# Can't change email adress?



## Bago47 (Nov 27, 2011)

Just a question to mods/admins: why can't I change my email adress to [email protected]? At first (last year) I even tried to register with gmail.com on this website but it didn't work so I had to open new email adress at live.com ....

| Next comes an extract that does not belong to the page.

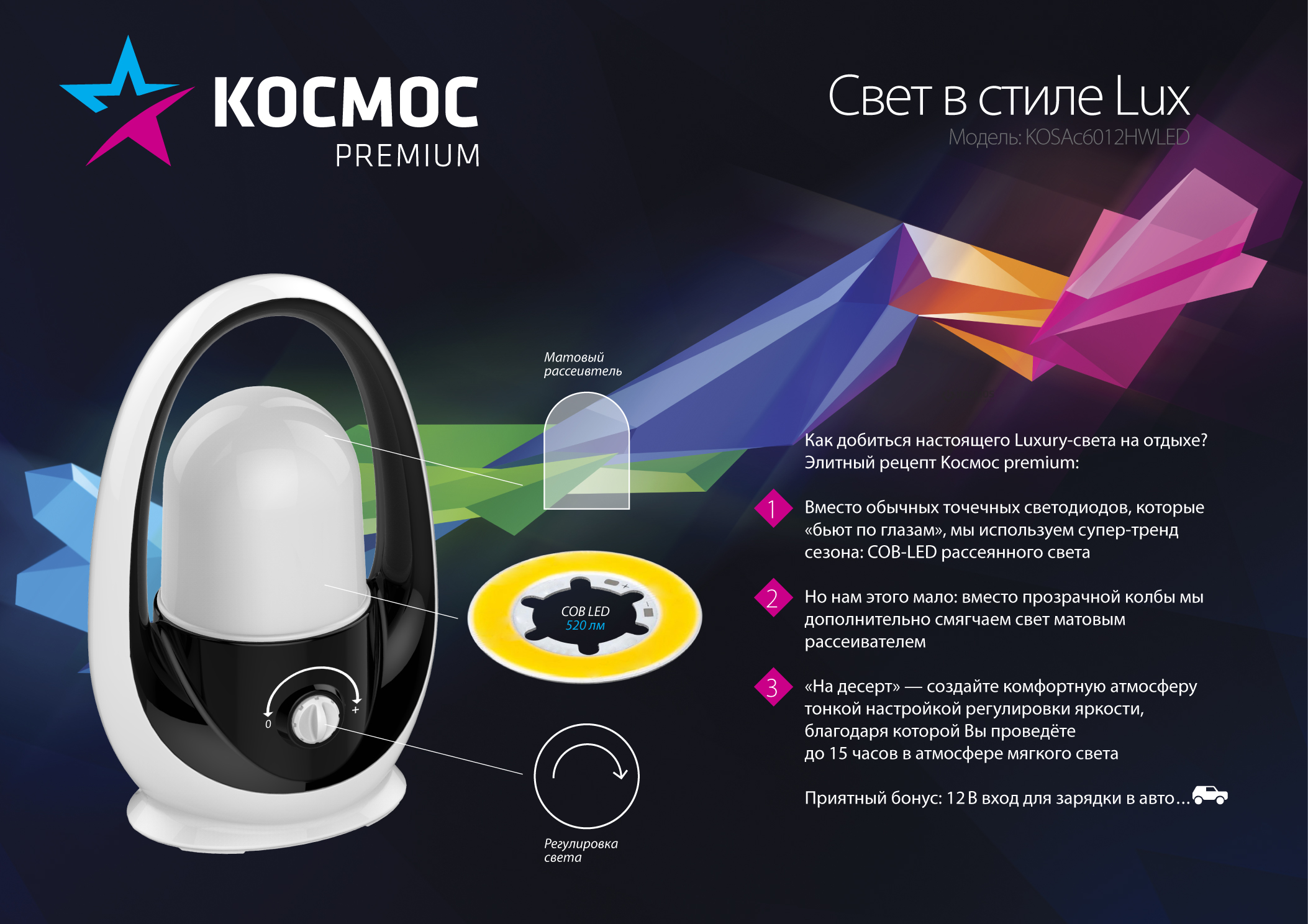 Кемпинговый фонарь-лампа с возможностью регулировки яркости света. Благодаря матовому рассеивателю под которым установлен COB-диод в виде кольца, этот мощный фонарь обладает самым мягким и комфортным светом. Площадь освещения - 60 кв.м, время беспрерывной работы – 4-15 ч. Надежный свинцово-кислотный аккумулятор 4В 2000 мАч, подзарядка от сети.
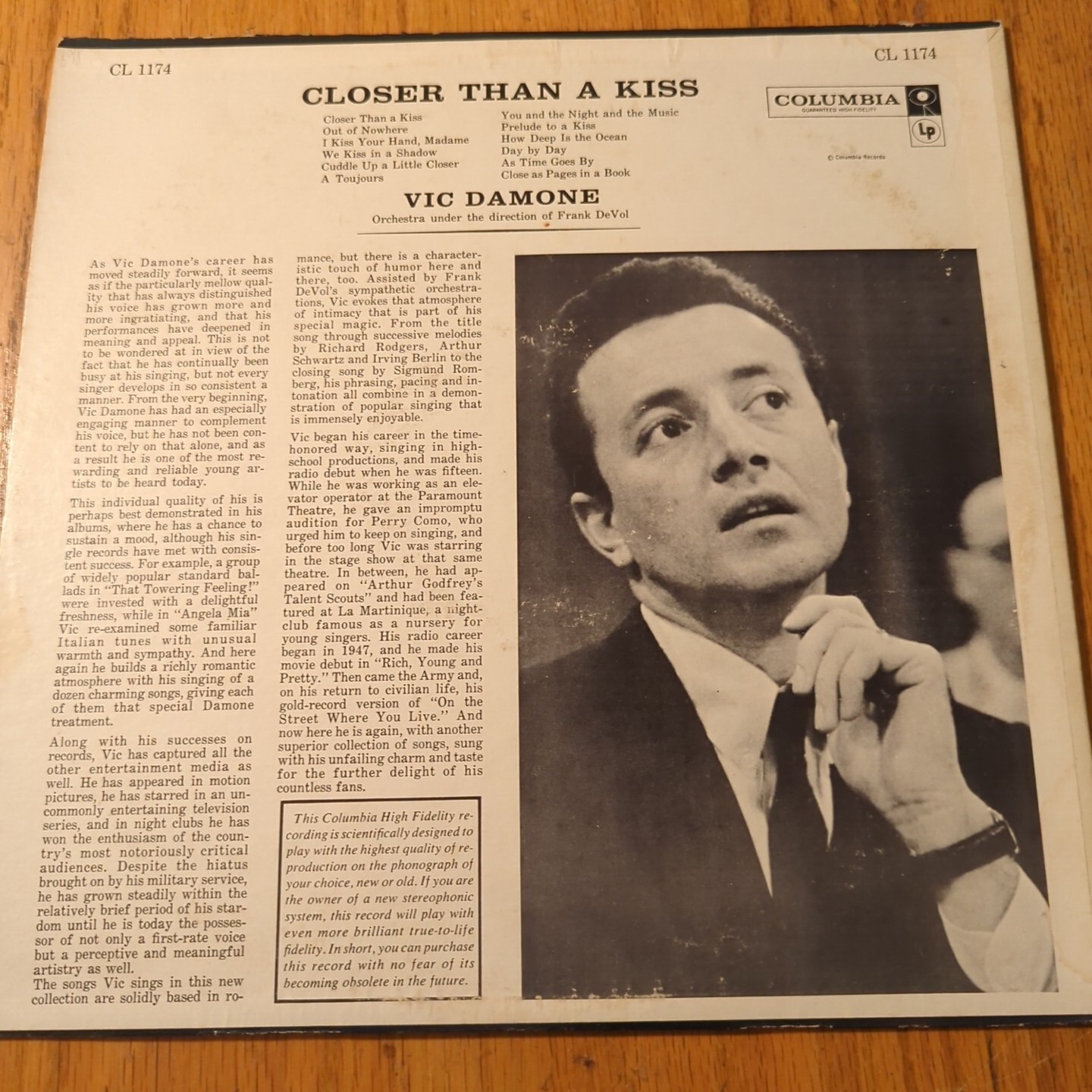 Vic Damone, Closer Than A Kiss; CL 1174 Columbia LP

When I try to change email adress it says: "The e-mail address you entered is not allowed to be used." .


----------



## Ikon66 (Sep 12, 2003)

Gmail is blocked as its the chosen address for spammers


----------



## Hoggy (May 8, 2002)

Hi Bago, Gmail addresses can be a source of Spam & are not allowed unless you request Admin to change it & they agree.
Hoggy.


----------



## Bago47 (Nov 27, 2011)

Hoggy said:


> Hi Bago, Gmail addresses can be a source of Spam & are not allowed unless you request Admin to change it & they agree.
> Hoggy.


Do I have to ask admin or mod? How do I contact an Admin?


----------



## Hoggy (May 8, 2002)

Hi Bago, JOHN-H is the best to contact. If not john will forward to the correct Admin.
memberlist.php?mode=viewprofile&u=7067..
Hoggy.


----------



## Bago47 (Nov 27, 2011)

Thanks.


----------